How did the crypto market react to the Federal Reserve's decision on interest rates and what factors contributed to this reaction?

"While the Fed left interest rates unchanged on Wednesday, it signaled a rate hike as soon as next month, spooking investors. The crypto market came under selling pressure, with BTC dipping below its $25k psychological mark to trade at $24,937 at 3:15 pm, 15 June. The market might fall further if it doesn't stage a recovery this week. DYOR, as always."

The Federal Reserve (Fed) left interest rates unchanged on Wednesday, but signaled that it is likely to raise rates as soon as next month. This news spooked investors, who were already worried about the rising inflation rate. The crypto market was particularly hard hit, with Bitcoin (BTC) dipping below its $25,000 psychological mark to trade at $24,937 at 3:15 PM on June 15.

There are a few reasons why the Fed's decision to raise rates spooked investors. First, it is a sign that the Fed is taking inflation seriously. Inflation has been rising in recent months, and the Fed is under pressure to do something about it. Raising interest rates is one way to do that.

Second, raising interest rates will make it more expensive for businesses to borrow money. This could lead to slower economic growth, which could hurt corporate profits. Investors are worried about this possibility, and they are selling stocks and other assets.

Third, raising interest rates will make it less attractive to invest in cryptocurrencies. Cryptocurrencies are risky assets, and they tend to do well when interest rates are low. When interest rates rise, investors are more likely to put their money into safer assets, such as bonds.

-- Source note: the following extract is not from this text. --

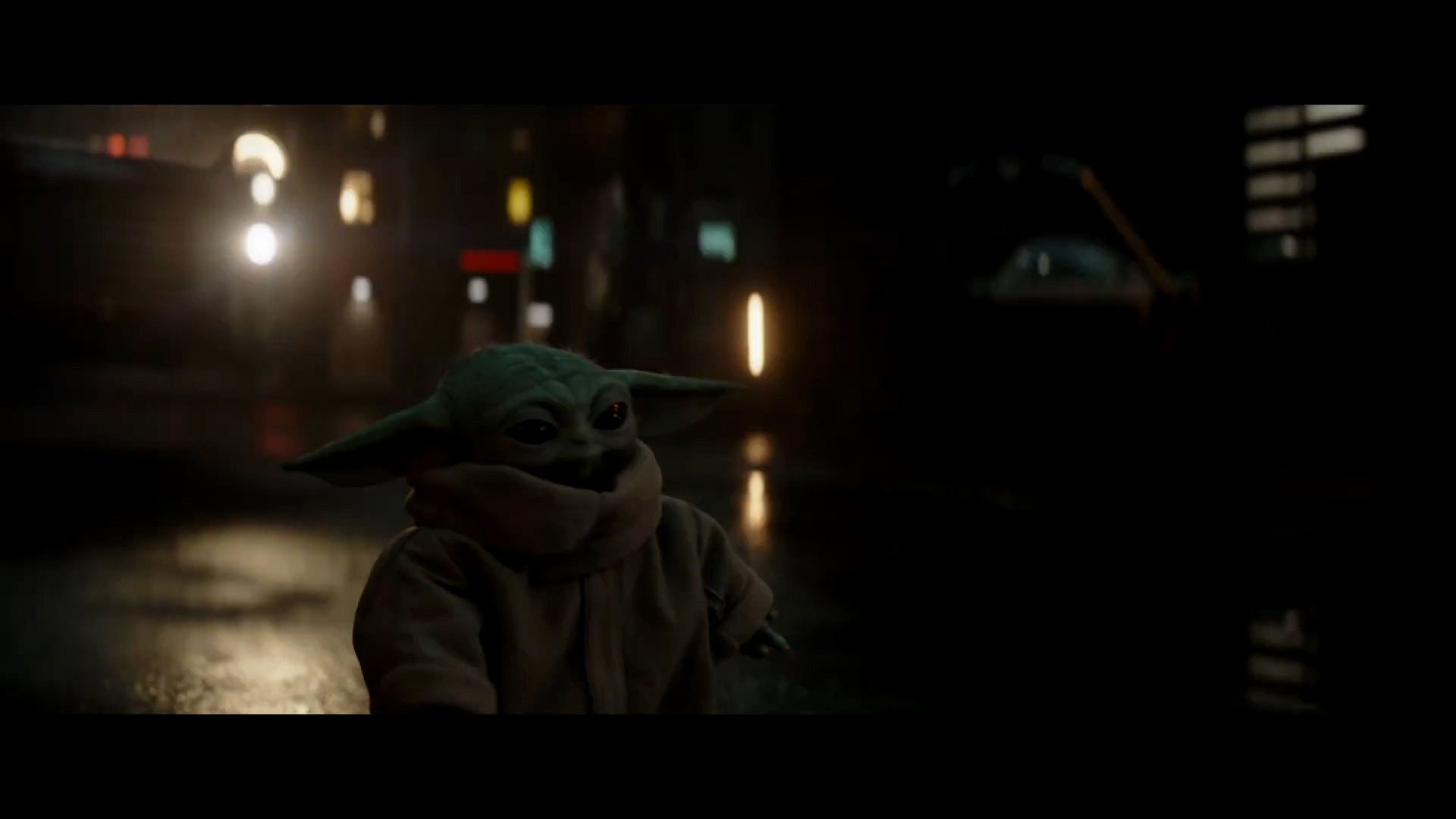 - Shot #14 - A cityscape at night. This could be on the planet Coruscant or a number of other locations in the Star Wars underworld such as Nal Hutta or Nar Shadda. A ship zooms into frame and under a bridge, but it doesn't look like the Razor Crest to me.

The sell-off in the crypto market is likely to continue if the Fed does raise rates next month. BTC could fall below $20,000, and other cryptocurrencies could also see significant losses. Investors should be prepared for more volatility in the crypto market in the coming months.

However, it is important to remember that the crypto market is still in its early stages. There is a lot of potential for growth, but there is also a lot of risk. Investors should do their own research (DYOR) before investing in any cryptocurrency.

Here are some of the things that investors should consider when DYOR:

* The technology behind the cryptocurrency. Is it sound? Is it scalable?

* The team behind the cryptocurrency. Do they have a good track record? Are they credible?

* The community around the cryptocurrency. Is it active? Is it supportive?

* The market for the cryptocurrency. Is there demand for it? Is it growing?

PoInvestors should also remember that the crypto market is volatile. Prices can go up and down quickly. Investors should be prepared to lose money if they invest in cryptocurrencies.

Overall, the Fed's decision to raise rates is a negative development for the crypto market. However, the market could recover if the Fed does not raise rates as much as investors expect. Investors should DYOR before investing in any cryptocurrency.